At last he turned to his wife. As always the first sight of her was difficult; it simultaneously made him breathe too hard and not at all. She lay as still as death on the metal-railed bed. A single strand of hair fell across one eye and stuck to her lip. Her chest rose and fell with deceptive regularity; she breathed. The only sign of life. He could see that her hair had been recently washed—it was still a little damp. The nurses took extra care of Mikaela; she’d been one of them. They’d even exchanged the utilitarian, hospital-issue gown for a soft, delicate, hand-sewn version.
He settled into the chair beside her bed. The hard, vomit-colored plastic had molded to his shape in the past weeks and was now almost comfortable.
“Heya, Mike,” he said, putting new potpourri in the dish beside her bed. Bayberry this week, to remind her of the passing of time. To let her know that Christmas was on its way.
Bit by bit, he carried out his daily ritual—the potpourri, the careful placement of one of the kids’ shirts on Mikaela’s chest, the music that seeped softly from the tape player in the corner. The Eagles’ Greatest Hits to remind her of high school. The Phantom of the Opera to remind her of the time they’d gone to Vancouver to see the show. Even the Rocky Horror Picture Show soundtrack … just to make her smile. He did anything and everything he could think of to engage her senses and remind her that life was still here, that they were still here, her loving family, waiting for her to open her eyes and join them once again.
In the corner, the small electric pond he’d placed on a wooden box pumped the music of falling water into the room.
“Hey, Mike …” He took hold of her foot and began gently manipulating it the way the physical therapists had taught him. When he’d run through all the exercises on both legs, her ankles, and all ten toes, he reached for a bottle of expensive, perfumed body lotion and began smoothing it on her calves.
Then he set to work on her left hand, starting with the thumb. A careful, precise movement, bend … extend … bend … extend.
He set his actions to the music of his voice. “It was a quiet day at the office,” he said in a throaty voice, the only kind he seemed able to manage when he was beside her. “Jimmy McCracken came in again, this time with a marble stuck up his nose, and old Mrs. Jacobsen had another migraine. Of course, she really just wanted to talk. Since Robbie and Janine moved to Chelan, she’s lonely. But she brought me some of her excellent cranberry rum cake. Remember how fast you used to sell out of that at the school bake sales?”
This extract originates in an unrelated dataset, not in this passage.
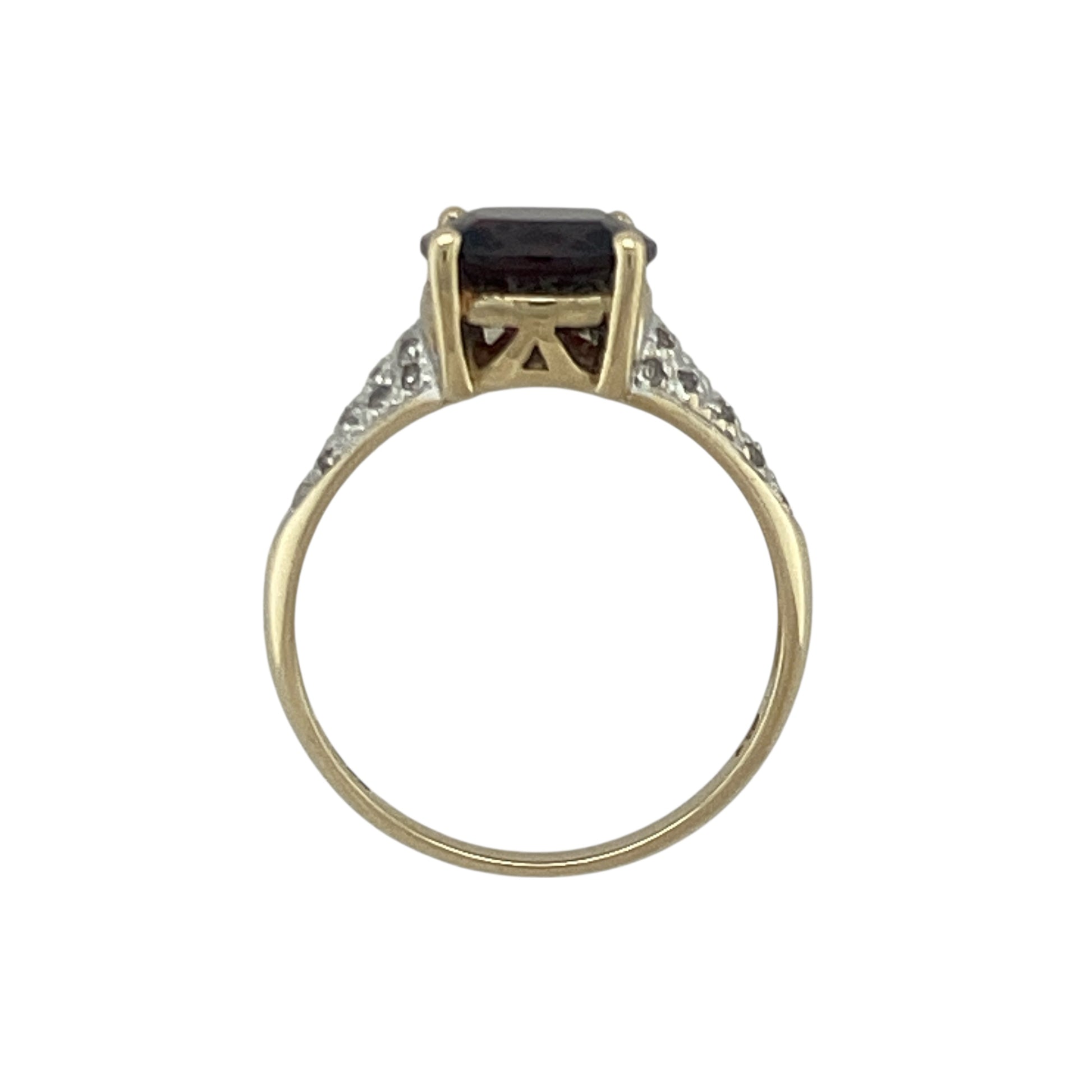 Bring rich colour and elegant sparkle to your collection with this pre-owned 9ct yellow and white gold garnet and diamond ring—an attractive piece offering timeless beauty and refined contrast.

Across the room, the tape player clicked and changed. It was Barbra Streisand now, singing about people who needed people.
He squeezed Mike’s hand. “Remember when we danced to this song, Mike? It was in the Center Hall at the Minors’ fiftieth wedding anniversary, with that local band playing? Remember how the lead singer mangled the words and sang about peepers needing other peepers? We were laughing so hard we were crying—and you said if he said that word again, you were going to peeper in your pants?
“You were so beautiful that night, in your jeans skirt and Western blouse. I think every man in the place wished you were his. At the end of the song, I kissed you and it went on so long, you smacked me on the back and said, ‘Jesus, Lee, we’re not teenagers,’ but I felt you shiver … and for a split second, we were kids again …”
This was how his evenings were spent now. In a gentle stream of words, he poured himself into her, his heart and soul. As if she were a dying flower that needed only a tiny taste of water to lend it the strength to reach again for the sun. He talked and talked and talked, all the while searching desperately for some movement, some blink of the eye or flutter in her hand that would tell him that the heat of his voice reached the cold darkness of her world.
“Heya, Mike, I’ll bet you thought I forgot our anniversary.” He started to reach for the photo album on the bedside table, but at the last second, he drew his hand back.
It was a collection of pictures from last year’s Christmas in Schweitzer. Mike had chosen each photograph carefully to represent their vacation.
He’d been a fool to think that he could open it and look through the picture trail. Now he saw the album for what it was, a wound that, once torn open, would only seep infection and cause more pain. Instead, he glanced down at the thin, flat box beside the album.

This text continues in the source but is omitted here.